I applaud every associate who succeeds at this level and earns above average ratings and therefore becomes in line to receive the lion’s share of the bonus pool from his or her firm. They typically really, really deserve it, especially from the amount of hours they’ve put in, the pressure they survived, and the labor they provided. Banks do not indiscriminately hand out huge bonuses to just anyone – they examine individual performance very, very carefully, and for the most part, get it right. From a gross figure perspective, the average associate all-in annual compensation is about $170K. After taxes and deferred compensation eat up 60% to 70%, however, the amount of actual cash that goes into that associate’s checking account can feel awfully and woefully inadequate.

 

Vice President to Managing Director

One of the biggest revelations you will ever have in your finance career is the importance of reaching the Vice President level at an Investment Bank. At this level, a person should find that the amount of compensation earned in salary + bonuses less taxes and deferred income should be enough to make one “feel” like they are earning a high salary from a practical perspective rather than a romanticized point of view concentrating on gross rather than net pay.

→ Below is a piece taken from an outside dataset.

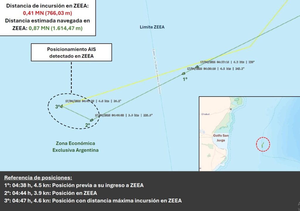 El citado buque, que realizó un ingreso de aproximadamente 700 metros dentro de la ZEEA, había zarpado de Uruguay el 25 de febrero y estaba en zona de pesca desde el 28 de febrero, al través de Cabo Dos Bahías, Chubut.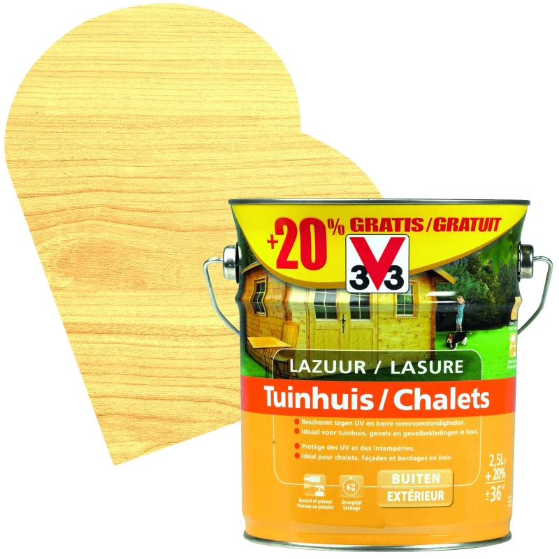 La lasure Chalets de la marque V33 se présente comme la solution incontournable pour embellir vos abris de jardin en bois. Applicable sur tous types de bois, ce produit vous offre une protection optimale face aux intempéries et aux rayons UV tout en lui apportant une seconde jeunesse grâce à une jolie finition incolore. Cet élément a l’avantage de pouvoir être appliqué par un pistolet de peinture pour une mise en couleur plus facile et rapide.

Indeed, accounting for the effect of taxes and deferred compensation on an Investment Banking Vice President’s total compensation yields a monthly disposable figure number that should feel truly “disposable” to the employee for the first time.

 

Read More: Inside The Life of an Investment Banking VP

 

Typical all-in compensation totaling up to and over $400K (salary plus bonus) per year of gross income is reasonable and in fact not out of the ordinary and should enable an individual to save more than adequately for retirement and live relatively more comfortably in a high-cost city like New York, London, or Hong Kong. For the sake of simplicity, I am aware that I am conveniently not taking into account the added cost of having a family or unexpected healthcare expenses. My view on Investment Banking salaries at the VP level considers only the individual and no other dependent.

The same observation I made about top-performers earning the top bonuses still applies at the Vice President level and beyond – the average Managing Director at a major global investment will indeed pull in over a seven-figure total comp number in one calendar year. Experts generally agree that the average is $1.2M (yes, million) for the non-group-head MD at a bulge bracket firm, a figure affirmed by the MD’s and SMD’s (Senior Managing Directors) I’ve known who didn’t hold back on the truth. If you can reach the MD level you are doing quite well financially, and there is no way that I can make any kind of assertion otherwise that I can reasonably defend (nor would I attempt to do so). If you can make it to MD, congratulations, you are winning.

 

Conclusion

Earning the highest Investment Banking salaries is fully contingent upon one’s performance on the job and really nothing else. This is the blunt honest truth. If you are in the business already, and you have yet to go through a bonus cycle, you will receive information from your department head and HR rep a few months before year-end explaining in legalese how bonus numbers are defined, based on, and dependent on four components (usually in order of importance): 1) your individual performance, 2) your department’s performance, 3) the firm’s overall performance, and 4) the overall market (i.e. competitor banking landscape and compensation trends). You are also given official word that these four factors equally impact your final bonus number. If you’ve ever gone through a bonus season, you know that the fact of the matter is, your rating is the only thing on the planet that determines your end-of-year bonus–everything else is just a smokescreen.